> _Task brief_
Exact wording is needed for every line from the one holding "Cynllio Moda Chunky" to the end of the records below; write those lines out and omit the pictures.

--------

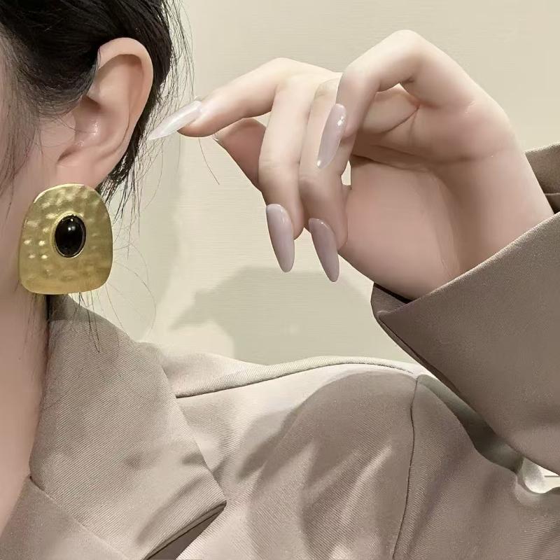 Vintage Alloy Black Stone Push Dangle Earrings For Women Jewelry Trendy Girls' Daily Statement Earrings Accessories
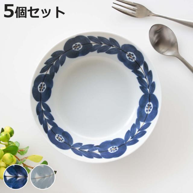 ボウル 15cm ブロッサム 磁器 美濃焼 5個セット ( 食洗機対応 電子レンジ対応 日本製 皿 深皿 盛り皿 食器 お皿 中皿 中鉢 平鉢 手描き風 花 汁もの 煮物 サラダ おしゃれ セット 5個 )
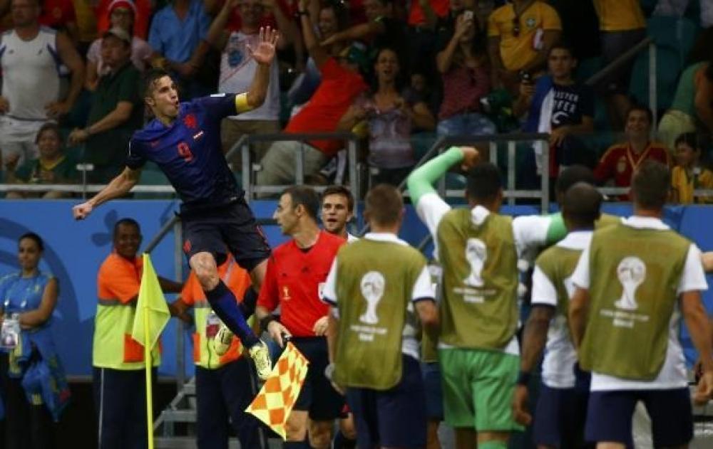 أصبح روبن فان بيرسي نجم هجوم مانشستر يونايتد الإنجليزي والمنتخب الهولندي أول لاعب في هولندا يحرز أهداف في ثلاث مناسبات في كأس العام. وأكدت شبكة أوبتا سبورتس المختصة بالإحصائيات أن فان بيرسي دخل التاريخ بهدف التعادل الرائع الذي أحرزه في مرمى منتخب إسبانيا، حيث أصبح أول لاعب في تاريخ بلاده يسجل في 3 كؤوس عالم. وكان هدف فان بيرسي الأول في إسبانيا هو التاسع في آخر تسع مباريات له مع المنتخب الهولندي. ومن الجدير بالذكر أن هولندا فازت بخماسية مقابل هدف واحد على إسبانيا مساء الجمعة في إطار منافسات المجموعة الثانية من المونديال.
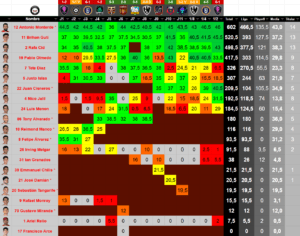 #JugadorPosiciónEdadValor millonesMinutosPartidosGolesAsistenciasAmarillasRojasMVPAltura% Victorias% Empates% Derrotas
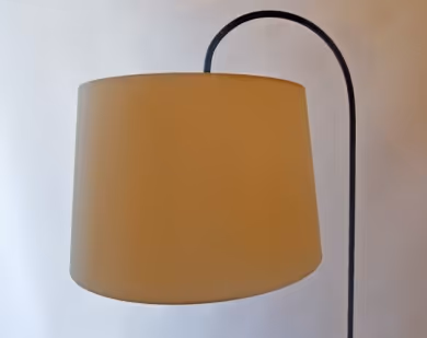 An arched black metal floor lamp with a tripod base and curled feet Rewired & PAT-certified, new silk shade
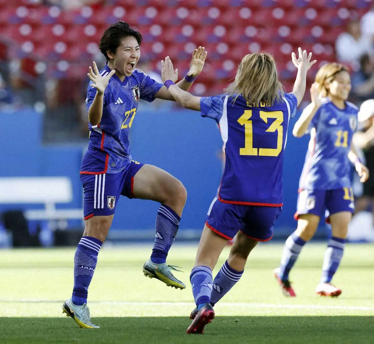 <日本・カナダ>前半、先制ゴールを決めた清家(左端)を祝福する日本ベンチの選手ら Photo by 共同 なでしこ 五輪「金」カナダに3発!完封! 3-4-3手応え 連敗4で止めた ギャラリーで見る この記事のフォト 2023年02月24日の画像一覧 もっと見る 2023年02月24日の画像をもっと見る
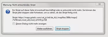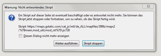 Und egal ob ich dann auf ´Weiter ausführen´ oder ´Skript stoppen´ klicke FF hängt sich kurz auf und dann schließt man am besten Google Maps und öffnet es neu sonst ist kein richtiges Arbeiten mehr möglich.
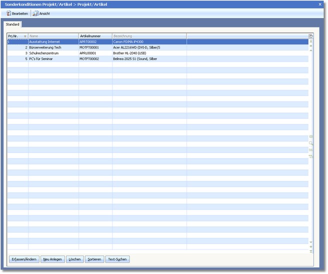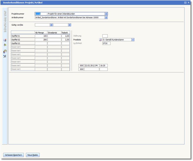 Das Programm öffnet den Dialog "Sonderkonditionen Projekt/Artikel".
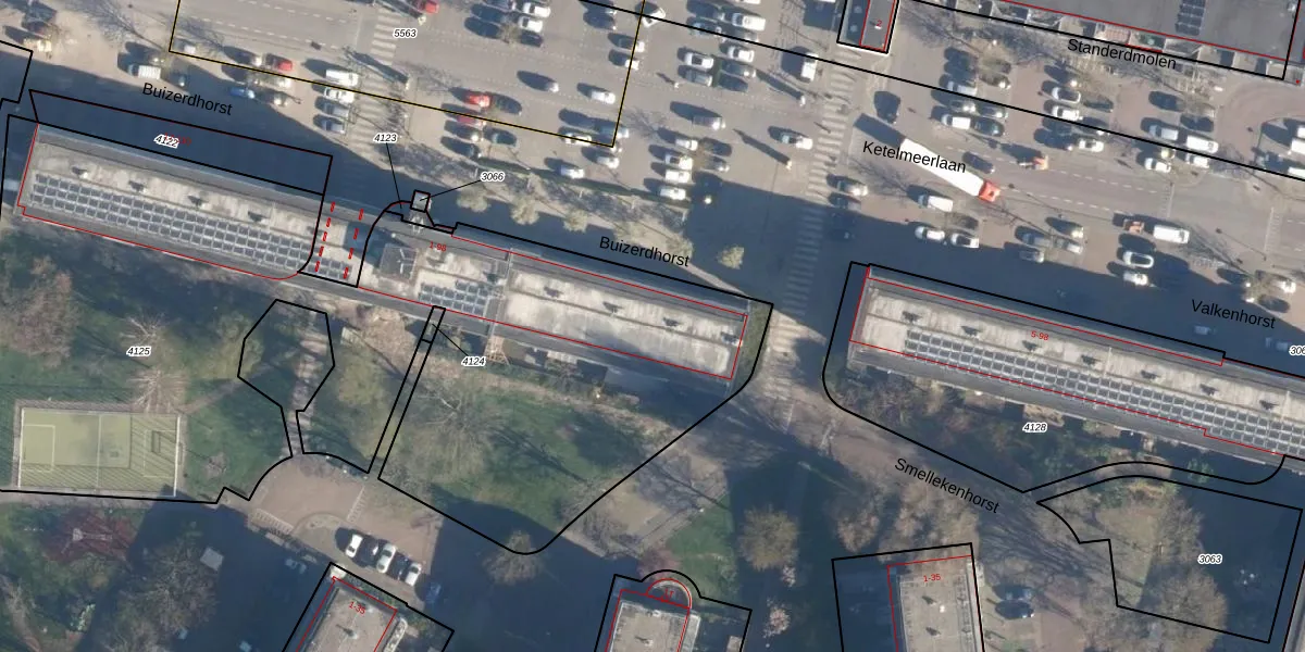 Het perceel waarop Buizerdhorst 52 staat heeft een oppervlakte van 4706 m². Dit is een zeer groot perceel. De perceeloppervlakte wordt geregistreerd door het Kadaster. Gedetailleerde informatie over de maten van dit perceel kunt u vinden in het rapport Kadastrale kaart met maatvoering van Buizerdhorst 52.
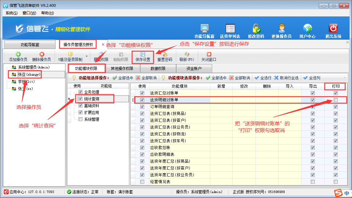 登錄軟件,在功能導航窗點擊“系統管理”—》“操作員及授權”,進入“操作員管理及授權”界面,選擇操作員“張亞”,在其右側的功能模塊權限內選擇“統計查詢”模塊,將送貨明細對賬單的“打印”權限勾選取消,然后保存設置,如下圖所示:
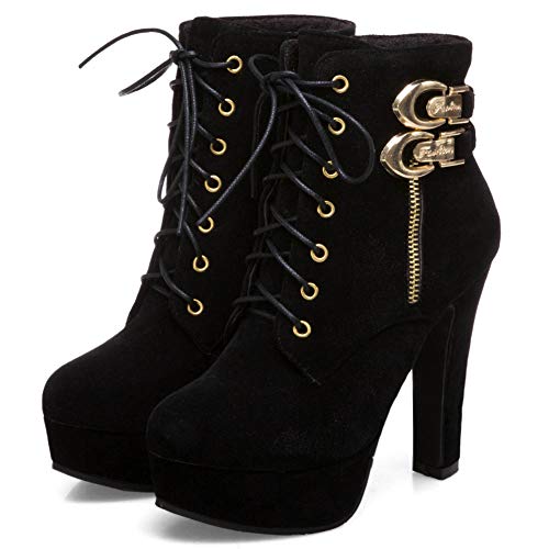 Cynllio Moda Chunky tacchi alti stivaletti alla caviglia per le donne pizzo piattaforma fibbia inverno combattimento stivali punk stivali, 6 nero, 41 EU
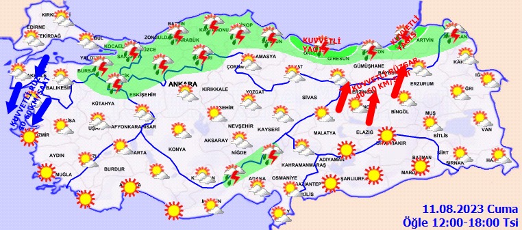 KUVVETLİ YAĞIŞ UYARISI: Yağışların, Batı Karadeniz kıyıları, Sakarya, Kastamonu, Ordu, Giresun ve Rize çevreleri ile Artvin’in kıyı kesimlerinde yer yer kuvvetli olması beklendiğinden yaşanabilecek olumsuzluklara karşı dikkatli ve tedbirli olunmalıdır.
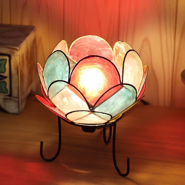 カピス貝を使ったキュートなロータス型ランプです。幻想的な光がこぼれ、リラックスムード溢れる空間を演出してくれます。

--------

> _Answer below_
 Cynllio Moda Chunky tacchi alti stivaletti alla caviglia per le donne pizzo piattaforma fibbia inverno combattimento stivali punk stivali, 6 nero, 41 EU
 KUVVETLİ YAĞIŞ UYARISI: Yağışların, Batı Karadeniz kıyıları, Sakarya, Kastamonu, Ordu, Giresun ve Rize çevreleri ile Artvin’in kıyı kesimlerinde yer yer kuvvetli olması beklendiğinden yaşanabilecek olumsuzluklara karşı dikkatli ve tedbirli olunmalıdır.
 カピス貝を使ったキュートなロータス型ランプです。幻想的な光がこぼれ、リラックスムード溢れる空間を演出してくれます。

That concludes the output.